THE TASK. Repeat word for word the lines from the top of the records through the line containing "мотор за пералня", and skip the pictures.

Records contained in a dataset:
+ + + +

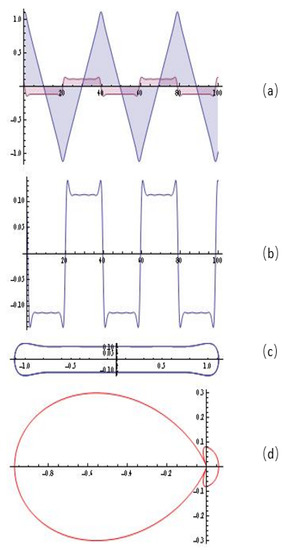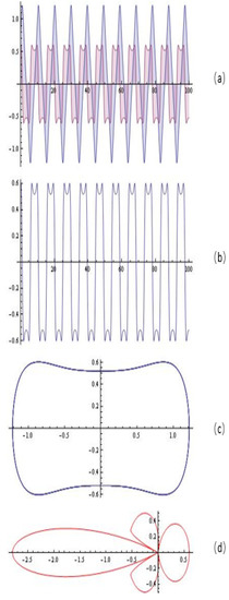 The simulations (system (8)) for , , , ; : (a) the solution of the system; (b) y-component of the solution; (c) the portrait; (d) emitting chart.
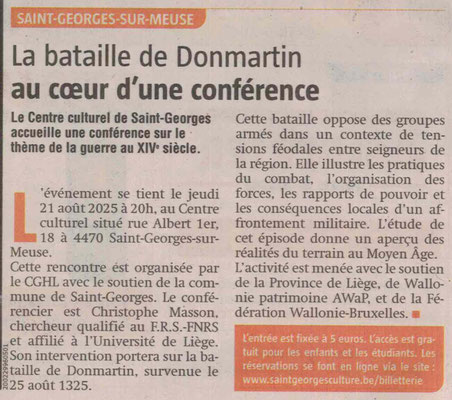 C’est le dimanche 15 juin qu’aura lieu notre Assemblée Générale 2025 au Centre Culturel de Saint-Georges. Outre votre participation à l’AG, il est prévu un repas sur place, suivi d’une visite du centre historique de Saint-Georges-sur-Meuse guidée par Guy Destexhe. Pour la bonne organisation de cette activité, merci de bien vouloir vous inscrire avant le 5 juin 2025.
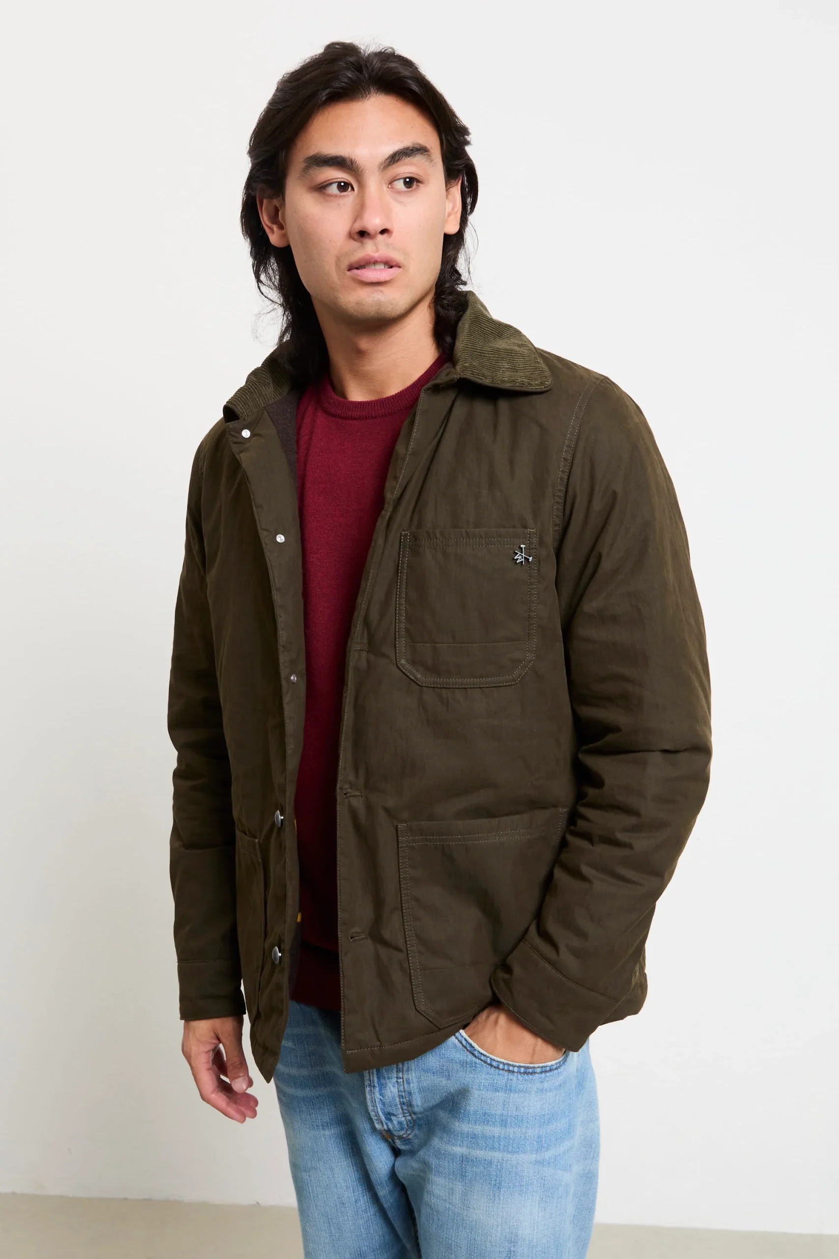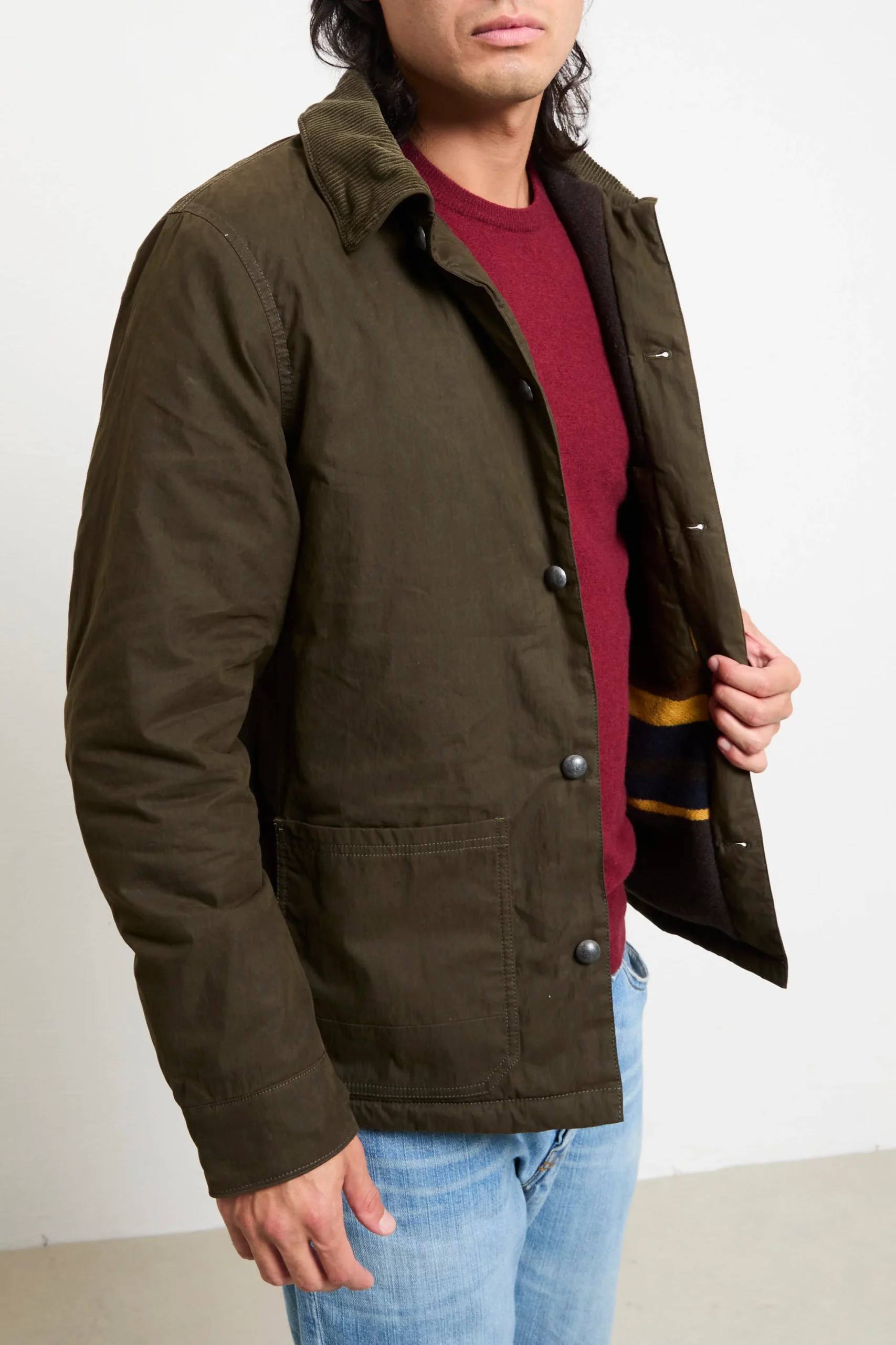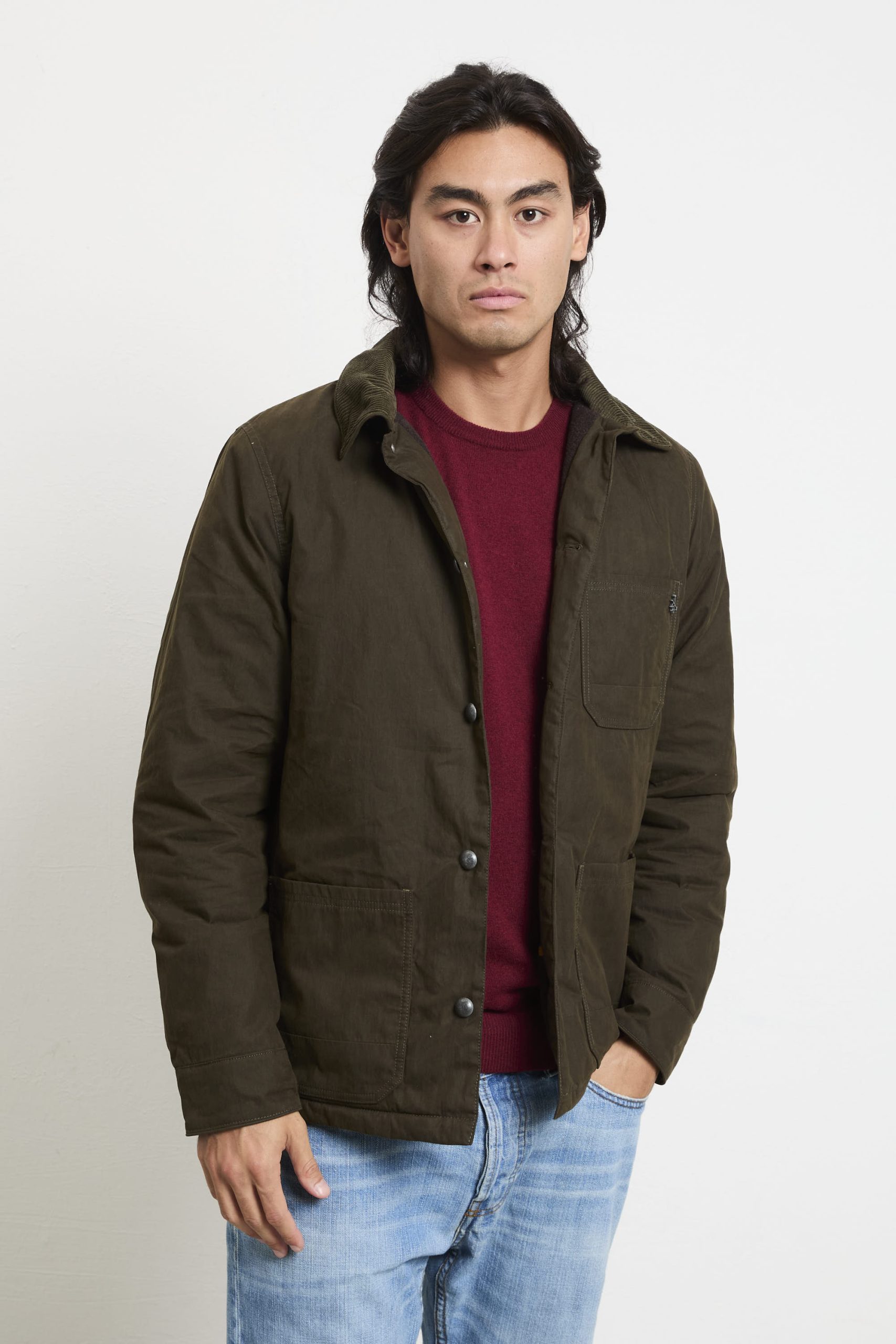 Il giubbotto Hamilton Quilted Chore è l’ideale per chi cerca praticità e stile senza compromessi. Il trattamento cerato lo rende resistente agli agenti atmosferici, mentre l’interno foderato offre calore e comfort. Il collo in velluto a coste aggiunge un tocco di eleganza e morbidezza. Le tasche interne ed esterne, la chiusura con zip nascosta e bottoni, e il fondo dritto lo rende perfetto per un look casual ma ricercato. Abbinalo a una t-shirt bianca, pantaloni chinos e sneakers per un look rilassato ma sempre curato, oppure sopra una felpa con cappuccio e jeans per un outfit più sportivo e dinamico. Per un tocco più sofisticato, indossalo con un pullover in cashmere, pantaloni slim e stivaletti in pelle. Un giubbotto che combina funzionalità , eleganza e comfort, ideale per ogni stagione.
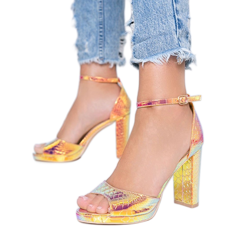 Detalhes: Sandálias holográficas douradas no posto Millo dourado
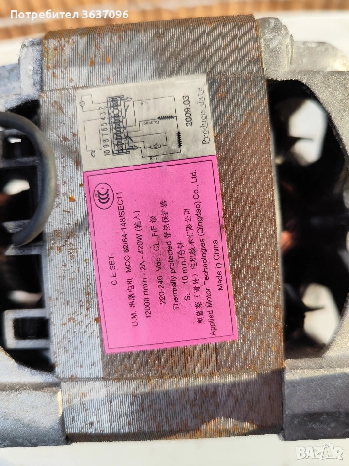мотор за пералня марка C.E.SET, модел MCC 52/64-148/SEC11. В отлично състояние.
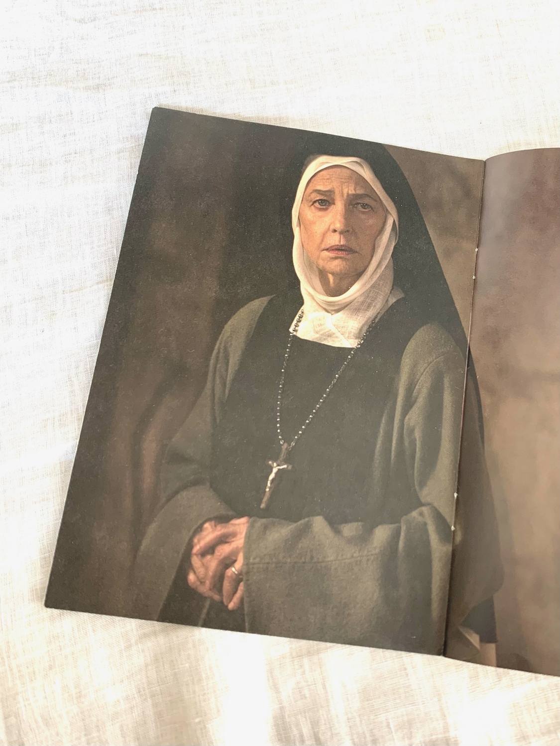パンフレットによると、ヴァーホーベンは「ジーザス・セミナー」なる団体の会員で、イエスの行動や言動の信憑性を追求する活動をしていて『Jesus of Nazareth: A Realistic Portrait』(2008)という本も出版しています。その見解が本作『ベネデッタ』にも繋がっているようです。キリスト教とりわけカトリックの影響が強いヨーロッパの環境下できっといろいろ疑問に思ったのでしょうね……。ベネデッタの聖痕は捏造か否か?という論点について、明確な描写こそないけれど、ガラスの破片が見つかって、なんか怪しい……っていうくらい。まあそういうことです。

+ + + +

RESULT BELOW.
 The simulations (system (8)) for , , , ; : (a) the solution of the system; (b) y-component of the solution; (c) the portrait; (d) emitting chart.
 C’est le dimanche 15 juin qu’aura lieu notre Assemblée Générale 2025 au Centre Culturel de Saint-Georges. Outre votre participation à l’AG, il est prévu un repas sur place, suivi d’une visite du centre historique de Saint-Georges-sur-Meuse guidée par Guy Destexhe. Pour la bonne organisation de cette activité, merci de bien vouloir vous inscrire avant le 5 juin 2025.
 Il giubbotto Hamilton Quilted Chore è l’ideale per chi cerca praticità e stile senza compromessi. Il trattamento cerato lo rende resistente agli agenti atmosferici, mentre l’interno foderato offre calore e comfort. Il collo in velluto a coste aggiunge un tocco di eleganza e morbidezza. Le tasche interne ed esterne, la chiusura con zip nascosta e bottoni, e il fondo dritto lo rende perfetto per un look casual ma ricercato. Abbinalo a una t-shirt bianca, pantaloni chinos e sneakers per un look rilassato ma sempre curato, oppure sopra una felpa con cappuccio e jeans per un outfit più sportivo e dinamico. Per un tocco più sofisticato, indossalo con un pullover in cashmere, pantaloni slim e stivaletti in pelle. Un giubbotto che combina funzionalità , eleganza e comfort, ideale per ogni stagione.
 Detalhes: Sandálias holográficas douradas no posto Millo dourado
мотор за пералня марка C.E.SET, модел MCC 52/64-148/SEC11. В отлично състояние.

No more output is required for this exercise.